Dataset items:
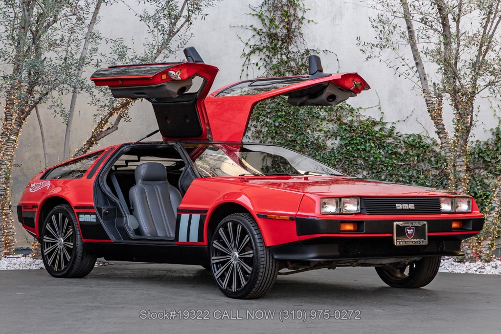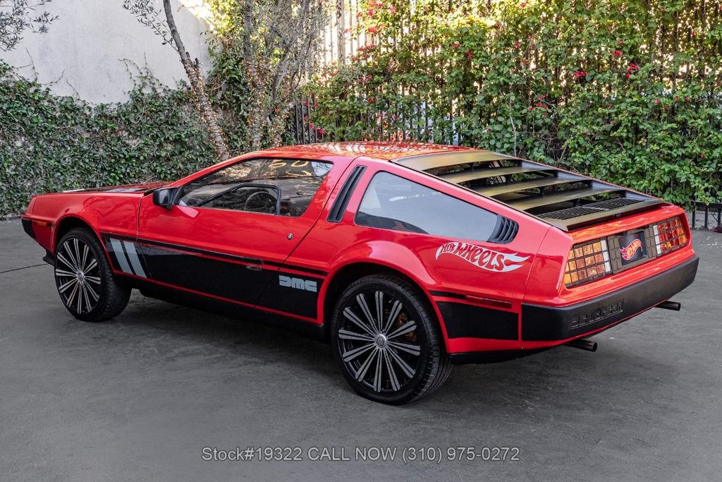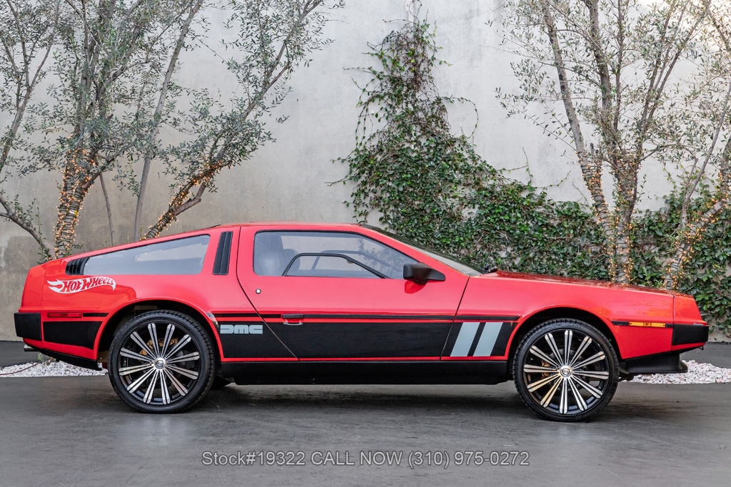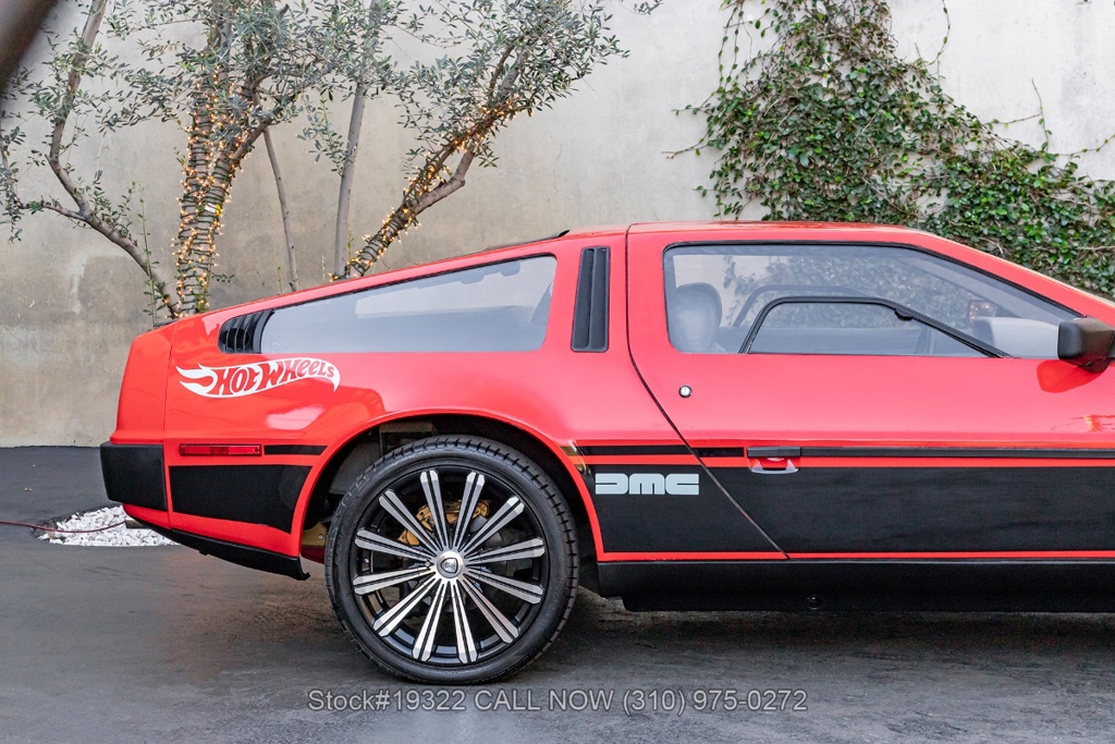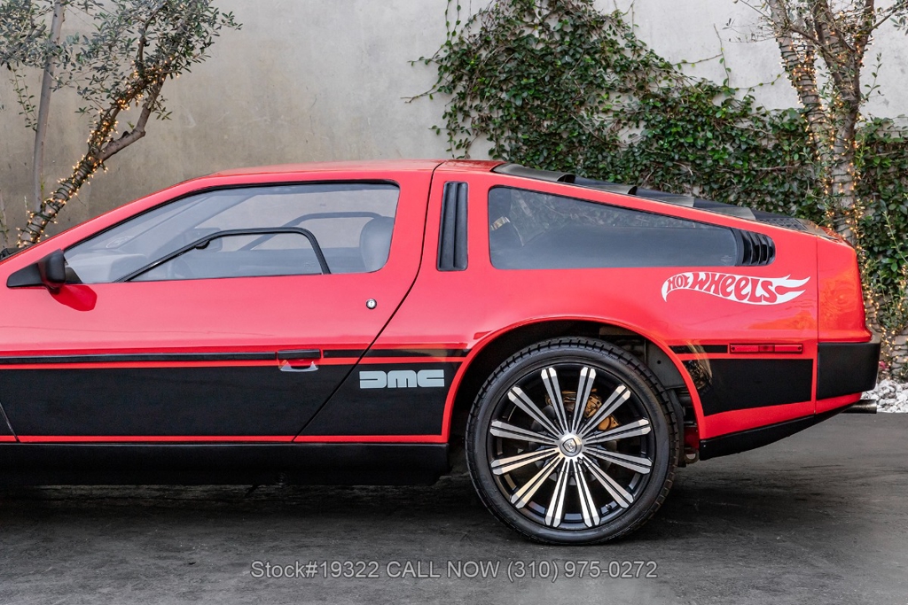 Introducing this 1982 DeLorean DMC-12 5-Speed Hot Wheels Tribute, a bold reimagining of one of the most recognizable cars ever produced. Departing from the factory brushed stainless-steel finish, this example wears a striking custom red paint scheme with Hot Wheels-inspired graphics, transforming the DMC-12 into a real-life version of the legendary die-cast icon. Signature Hot Wheels flame logos adorn the rear quarter panels, complemented by yellow and orange racing stripes that give the car an unmistakable presence.
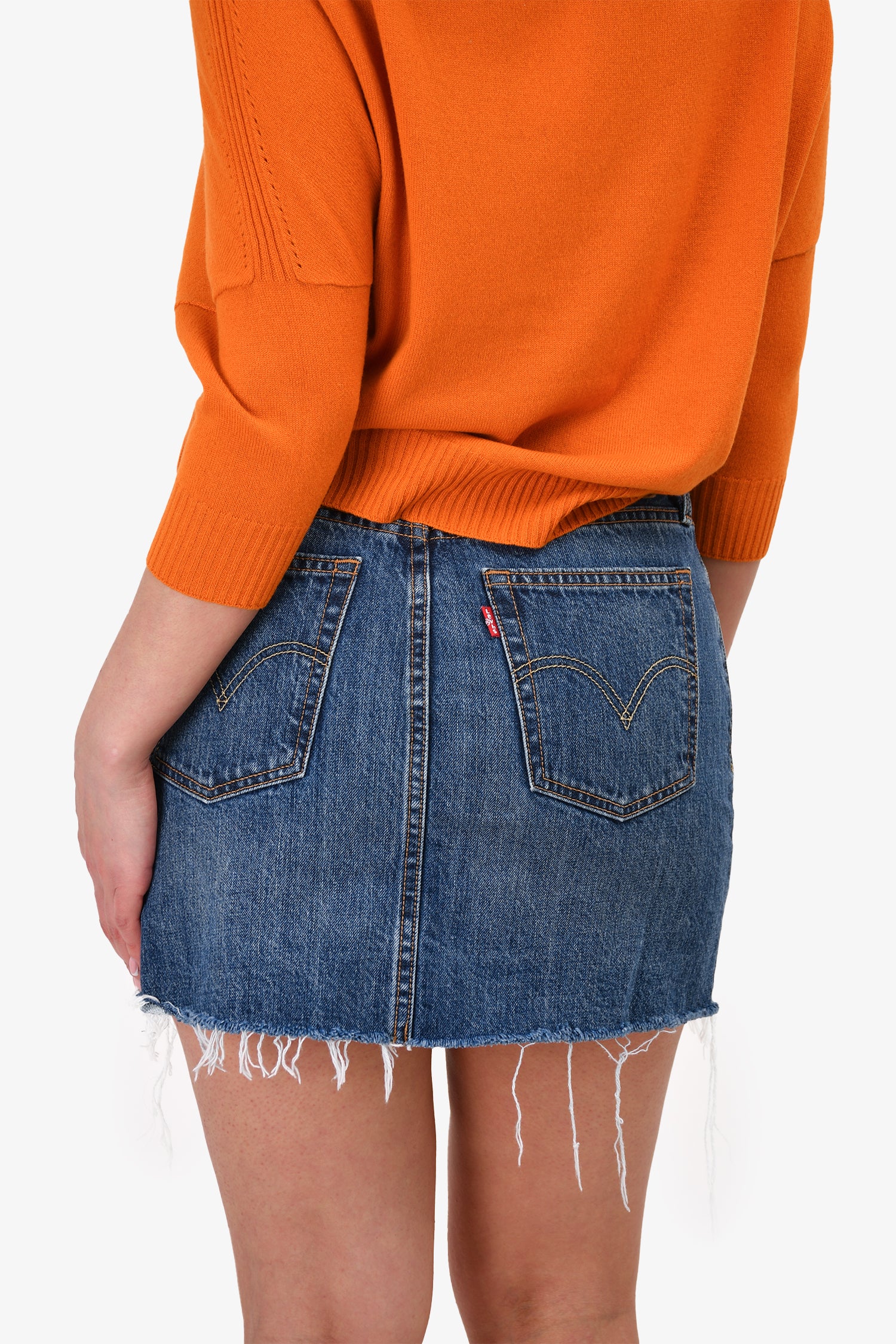 Levi's Blue Dark Wash Denim Frayed Skirt Size 28
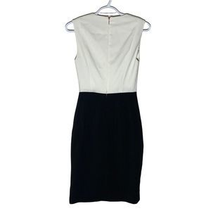 Crisp black-and-white blocking enhances the polished aplomb of a sleeveless V-neck dress that gives the impression of double-breasted styling thanks to clever seaming and button details. A vent at the front hem completes the illusion.
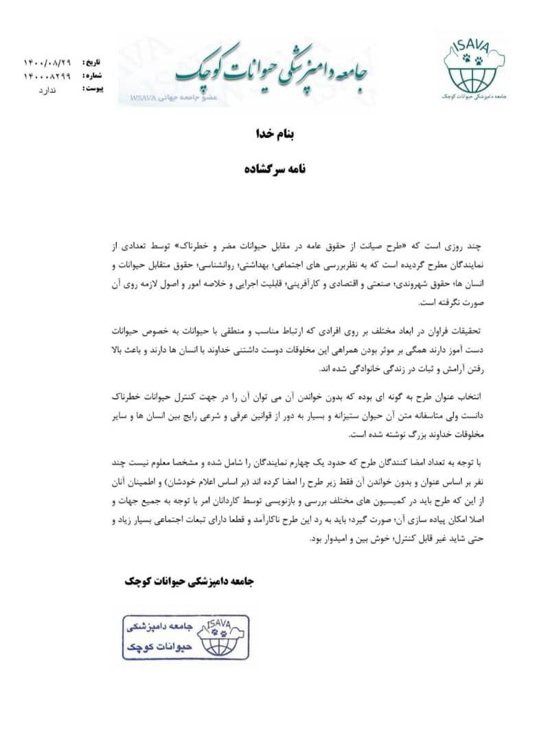 رئیس هیئت مدیره جامعه دامپزشکی حیوانات کوچک با صدور نامه ای به رئیس مجلس خواستار آن شد تا نسبت به لغو طرح صیانت از حقوق عامه در مقابل حیوانات اقدام شود.
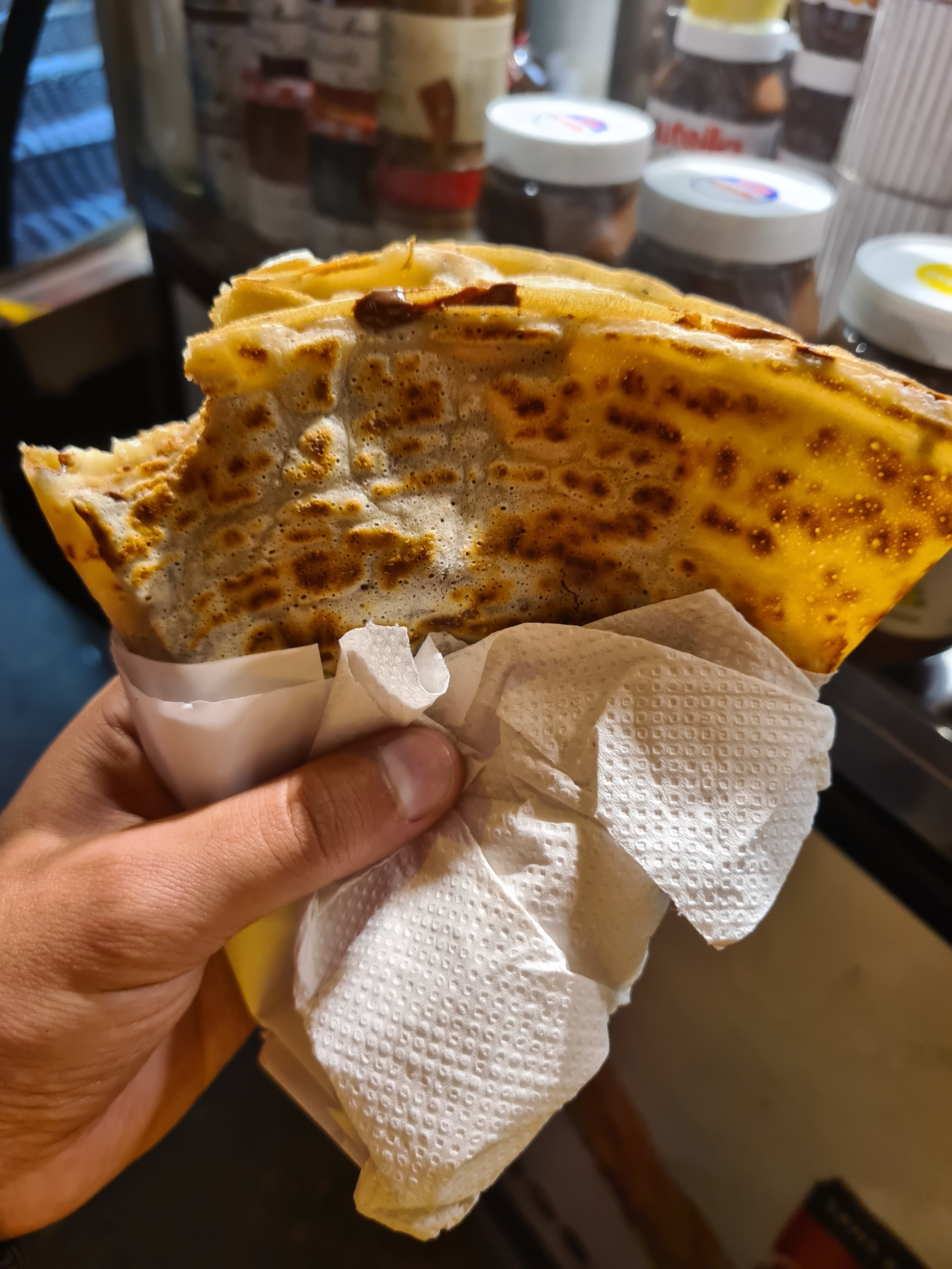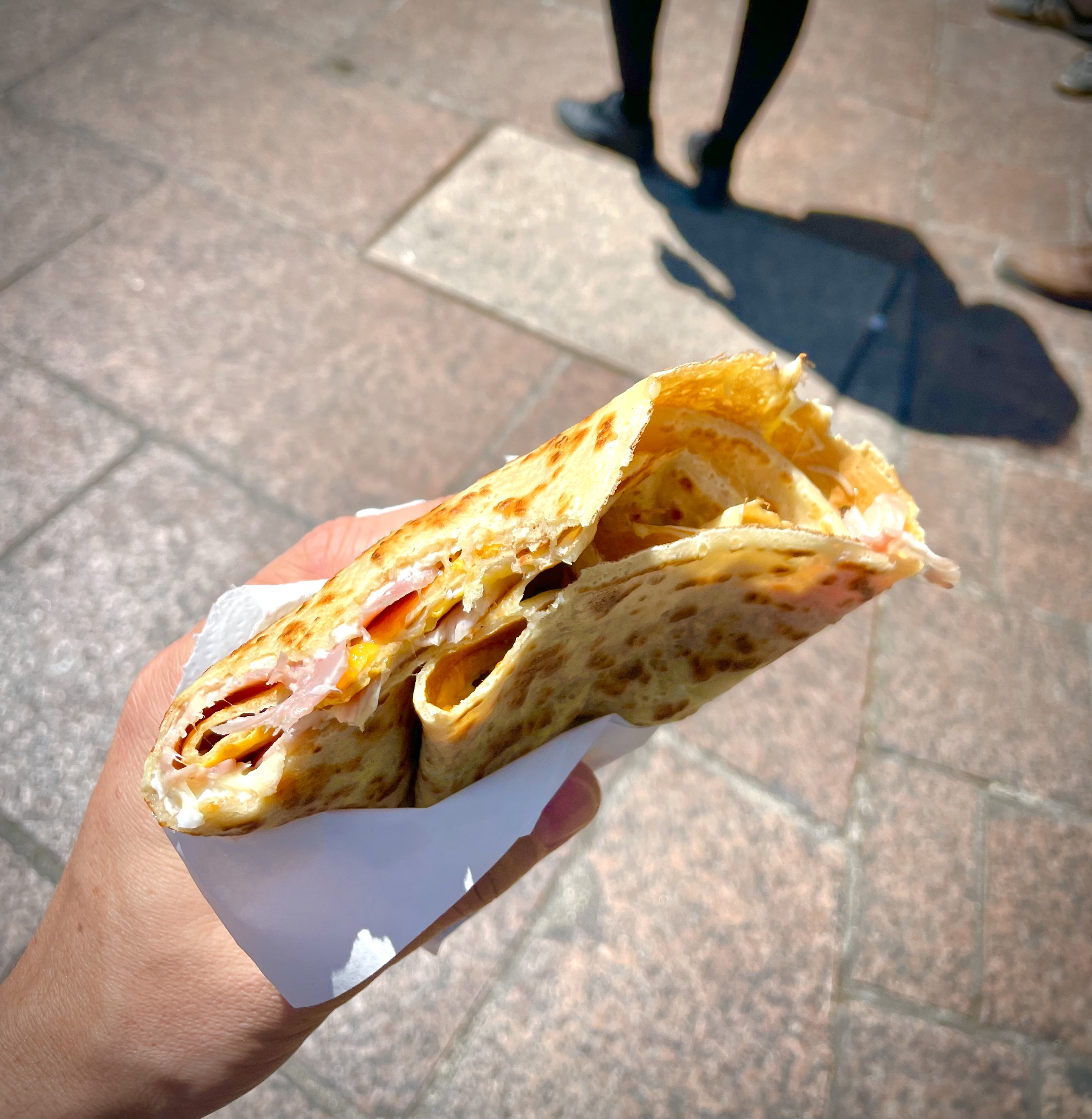 Pas de panini absurde pour le dîner. Je suis revenu plus tard pour essayer la crêpe aux œufs et au fromage, qui était excellente comme collation après le dîner.

What is being asked
An exact copy of the lines above, from the first through the line that holds "رئیس هیئت مدیره", is what is needed; leave the pictures out.

Response to this exercise
 Introducing this 1982 DeLorean DMC-12 5-Speed Hot Wheels Tribute, a bold reimagining of one of the most recognizable cars ever produced. Departing from the factory brushed stainless-steel finish, this example wears a striking custom red paint scheme with Hot Wheels-inspired graphics, transforming the DMC-12 into a real-life version of the legendary die-cast icon. Signature Hot Wheels flame logos adorn the rear quarter panels, complemented by yellow and orange racing stripes that give the car an unmistakable presence.
 Levi's Blue Dark Wash Denim Frayed Skirt Size 28
 Crisp black-and-white blocking enhances the polished aplomb of a sleeveless V-neck dress that gives the impression of double-breasted styling thanks to clever seaming and button details. A vent at the front hem completes the illusion.
 رئیس هیئت مدیره جامعه دامپزشکی حیوانات کوچک با صدور نامه ای به رئیس مجلس خواستار آن شد تا نسبت به لغو طرح صیانت از حقوق عامه در مقابل حیوانات اقدام شود.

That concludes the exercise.